AVAILABLE RECORDS:
##############################

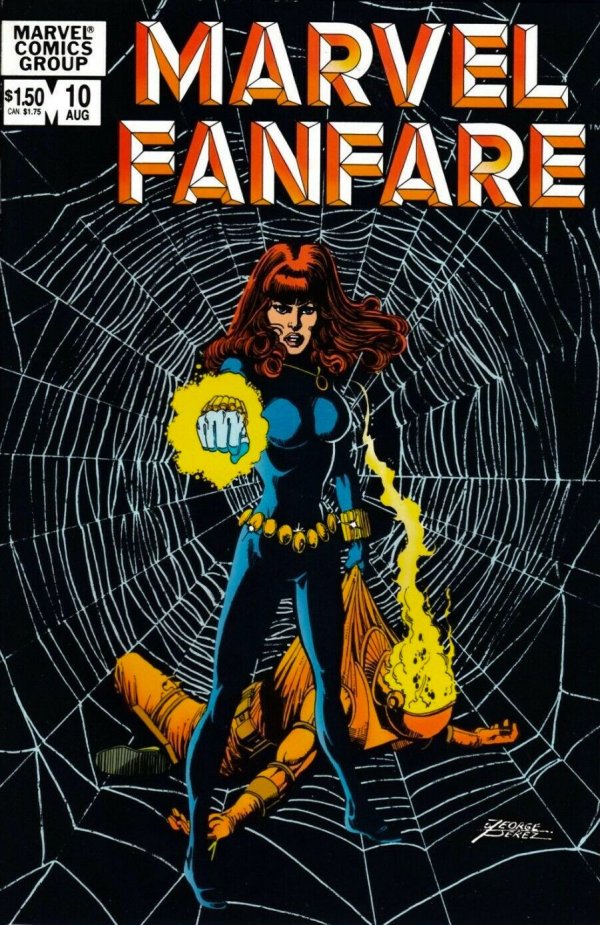 "Widow" Part 1 of 4. Guest-starring the Black Widow. Script by Ralph Macchio. Pencils (and co-plotting) by George Perez. Inks by Brett Breeding. Chapter 2 pencils by Bob Layton and Luke McDonnell. Cover by George Perez. SHIELD has a new assignment for Natasha Romanoff! And this one will take her back inside the Soviet Union! But before telling the widow about her next mission, Nick Fury details to Sam Sawyer the long history and origin of the Black Widow! Flashback cameos by the Red Guardian, Hawkeye, Iron Man, Captain America, Quicksilver, Scarlet Witch, Goliath (aka Hank Pym), Daredevil, Spider-Man, Hercules, and Ivan Petrovich. Second story: "How Fear Came" Script by Mary Jo Duffy. Pencils by Gil Kane. Inks by P. Craig Russell. The adaptation of Rudyard Kipling's "The Jungle Book" continues. Special feature: This issue includes a portfolio of Brent Anderson's artwork. Five full-page illustrations/pin-ups of the Thing, Captain America, Wolverine, Shang-Chi, and Moon Knight. (Notes: The back cover features a scene from the Jungle Book adaption with art by P. Craig Russell. Printed on glossy paper. The four-part Black Widow story was reprinted in the one-shot Black Widow Web of Intrigue (1999).) 32 pages. Cover price $1.50.
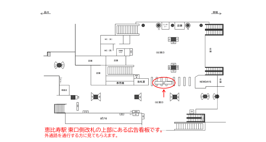 ○東口№75 改札外コンコース(東口側改札 アトレ方面) |
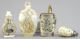Four Chinese Snuff Bottles: 2 Boulder/Enameled Glass/Synthetic Amber
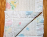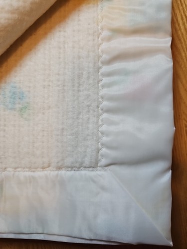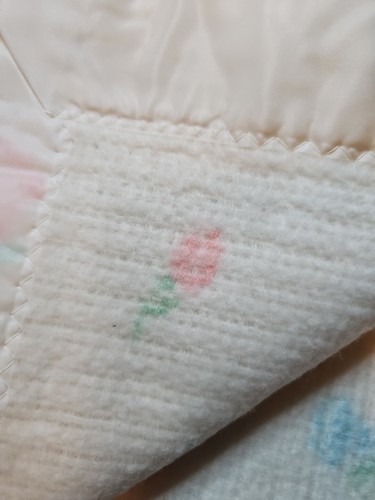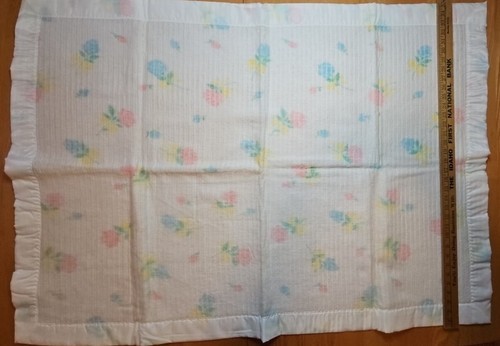 - Vintage Baby Pepperell Blanket Waffle Weave White Pastel Flowers Iced Trim 1960s
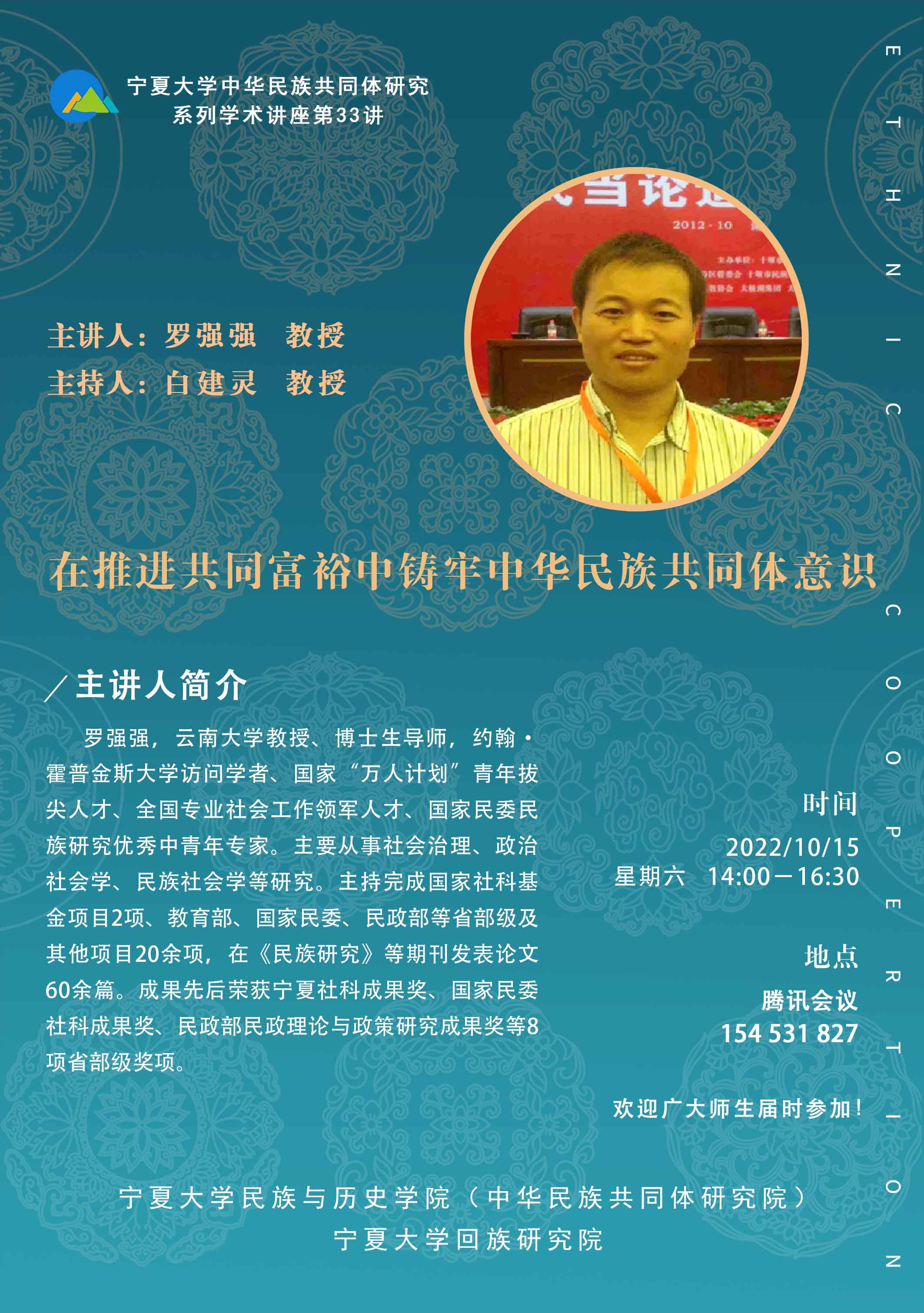 罗强强,云南大学教授、博士生导师,约翰•霍普金斯大学访问学者、国家“万人计划”青年拔尖人才、全国专业社会工作领军人才、国家民委民族研究优秀中青年专家。主要从事社会治理、政治社会学、民族社会学等研究。主持完成国家社科基金项目2项、教育部、国家民委、民政部等省部级及其他项目20余项,在《民族研究》等期刊发表论文60余篇。成果先后荣获宁夏社科成果奖、国家民委社科成果奖、民政部民政理论与政策研究成果奖等8项省部级奖项。
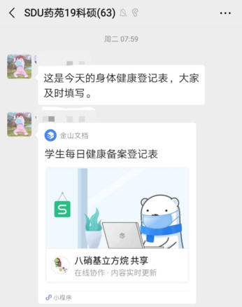各团支部内部开展了丰富的主题团日活动。通过每日健康汇报,实时掌握同学健康信息;通过每日学习打卡,充分利用假期充实提高自己;通过学习疫情防控知识,做好个人和家庭防控。2019级科硕班团支部组织开展“湖北加油,中国加油—众志成城送祝福”活动,以手写的祝福,为武汉、为中国加油;2018级药学3班团支部积极开展“战疫情,山大学子说”等活动,鼓励同学们积极参与投稿;2018级临床药学班、2019级1班、3班、4班团支部通过多种社交媒体及时了解疫情最新情况、掌握疫情发展动态;2019级2班团支部自发签署疫情防控承诺书,自觉提高防范意识,表明对防控疫情的决心,为防控行动作出有力保障。
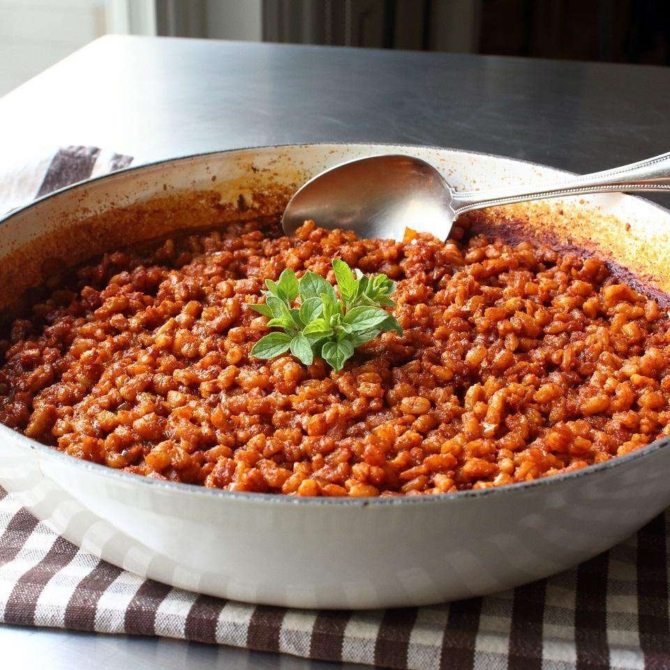 This recipe (with a couple of easy tweaks to replace butter and chicken stock with olive oil and veg stock) is one of my favorite goto meal prep options. Its great on its own, with beans and avocado, in tacos, or even just a base for a grain bowl.

##############################

YOUR ASSIGNMENT: Exact copies of all the entries are needed; output them without the pictures.

THE ANSWER:
 "Widow" Part 1 of 4. Guest-starring the Black Widow. Script by Ralph Macchio. Pencils (and co-plotting) by George Perez. Inks by Brett Breeding. Chapter 2 pencils by Bob Layton and Luke McDonnell. Cover by George Perez. SHIELD has a new assignment for Natasha Romanoff! And this one will take her back inside the Soviet Union! But before telling the widow about her next mission, Nick Fury details to Sam Sawyer the long history and origin of the Black Widow! Flashback cameos by the Red Guardian, Hawkeye, Iron Man, Captain America, Quicksilver, Scarlet Witch, Goliath (aka Hank Pym), Daredevil, Spider-Man, Hercules, and Ivan Petrovich. Second story: "How Fear Came" Script by Mary Jo Duffy. Pencils by Gil Kane. Inks by P. Craig Russell. The adaptation of Rudyard Kipling's "The Jungle Book" continues. Special feature: This issue includes a portfolio of Brent Anderson's artwork. Five full-page illustrations/pin-ups of the Thing, Captain America, Wolverine, Shang-Chi, and Moon Knight. (Notes: The back cover features a scene from the Jungle Book adaption with art by P. Craig Russell. Printed on glossy paper. The four-part Black Widow story was reprinted in the one-shot Black Widow Web of Intrigue (1999).) 32 pages. Cover price $1.50.
 ○東口№75 改札外コンコース(東口側改札 アトレ方面) |
Four Chinese Snuff Bottles: 2 Boulder/Enameled Glass/Synthetic Amber
 - Vintage Baby Pepperell Blanket Waffle Weave White Pastel Flowers Iced Trim 1960s
 罗强强,云南大学教授、博士生导师,约翰•霍普金斯大学访问学者、国家“万人计划”青年拔尖人才、全国专业社会工作领军人才、国家民委民族研究优秀中青年专家。主要从事社会治理、政治社会学、民族社会学等研究。主持完成国家社科基金项目2项、教育部、国家民委、民政部等省部级及其他项目20余项,在《民族研究》等期刊发表论文60余篇。成果先后荣获宁夏社科成果奖、国家民委社科成果奖、民政部民政理论与政策研究成果奖等8项省部级奖项。
各团支部内部开展了丰富的主题团日活动。通过每日健康汇报,实时掌握同学健康信息;通过每日学习打卡,充分利用假期充实提高自己;通过学习疫情防控知识,做好个人和家庭防控。2019级科硕班团支部组织开展“湖北加油,中国加油—众志成城送祝福”活动,以手写的祝福,为武汉、为中国加油;2018级药学3班团支部积极开展“战疫情,山大学子说”等活动,鼓励同学们积极参与投稿;2018级临床药学班、2019级1班、3班、4班团支部通过多种社交媒体及时了解疫情最新情况、掌握疫情发展动态;2019级2班团支部自发签署疫情防控承诺书,自觉提高防范意识,表明对防控疫情的决心,为防控行动作出有力保障。
 This recipe (with a couple of easy tweaks to replace butter and chicken stock with olive oil and veg stock) is one of my favorite goto meal prep options. Its great on its own, with beans and avocado, in tacos, or even just a base for a grain bowl.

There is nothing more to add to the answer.